## Task details:
What I need is an exact repeat of the lines from the one with "Número de contratos" through the end of the listing below. Leave out every picture.

## Provided data:
===============

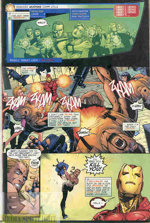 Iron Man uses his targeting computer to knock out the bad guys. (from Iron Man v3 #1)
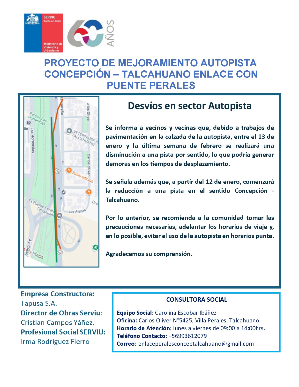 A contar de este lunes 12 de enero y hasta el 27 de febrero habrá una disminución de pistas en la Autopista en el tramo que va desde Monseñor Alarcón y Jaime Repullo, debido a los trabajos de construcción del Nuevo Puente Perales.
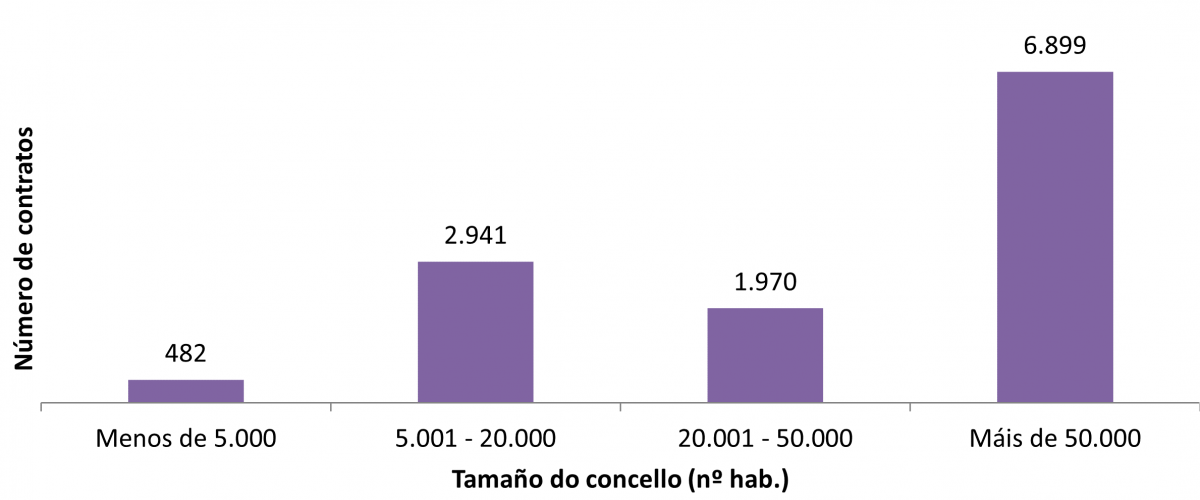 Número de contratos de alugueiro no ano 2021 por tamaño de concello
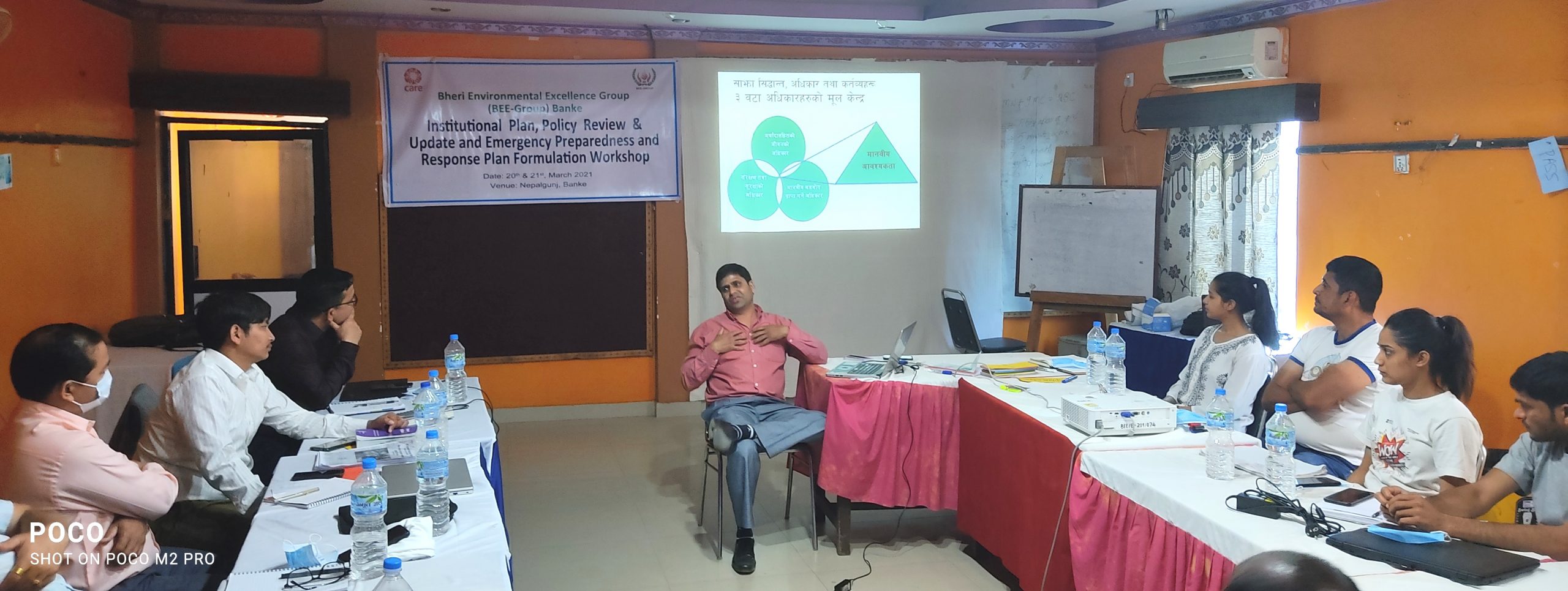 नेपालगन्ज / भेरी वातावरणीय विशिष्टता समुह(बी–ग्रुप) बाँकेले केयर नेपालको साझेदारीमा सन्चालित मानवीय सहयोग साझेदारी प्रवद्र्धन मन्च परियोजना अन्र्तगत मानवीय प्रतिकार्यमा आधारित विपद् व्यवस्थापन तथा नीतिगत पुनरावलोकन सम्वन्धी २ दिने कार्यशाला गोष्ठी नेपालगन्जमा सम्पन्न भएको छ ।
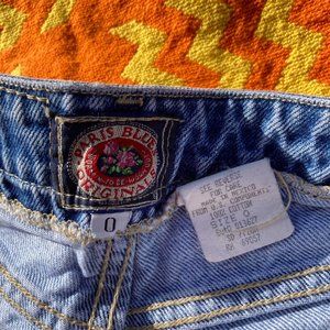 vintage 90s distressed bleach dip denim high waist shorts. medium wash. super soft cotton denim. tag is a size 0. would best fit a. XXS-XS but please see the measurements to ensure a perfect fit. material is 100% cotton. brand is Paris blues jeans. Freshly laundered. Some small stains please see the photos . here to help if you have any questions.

===============

## Exercise result:
 Número de contratos de alugueiro no ano 2021 por tamaño de concello
 नेपालगन्ज / भेरी वातावरणीय विशिष्टता समुह(बी–ग्रुप) बाँकेले केयर नेपालको साझेदारीमा सन्चालित मानवीय सहयोग साझेदारी प्रवद्र्धन मन्च परियोजना अन्र्तगत मानवीय प्रतिकार्यमा आधारित विपद् व्यवस्थापन तथा नीतिगत पुनरावलोकन सम्वन्धी २ दिने कार्यशाला गोष्ठी नेपालगन्जमा सम्पन्न भएको छ ।
 vintage 90s distressed bleach dip denim high waist shorts. medium wash. super soft cotton denim. tag is a size 0. would best fit a. XXS-XS but please see the measurements to ensure a perfect fit. material is 100% cotton. brand is Paris blues jeans. Freshly laundered. Some small stains please see the photos . here to help if you have any questions.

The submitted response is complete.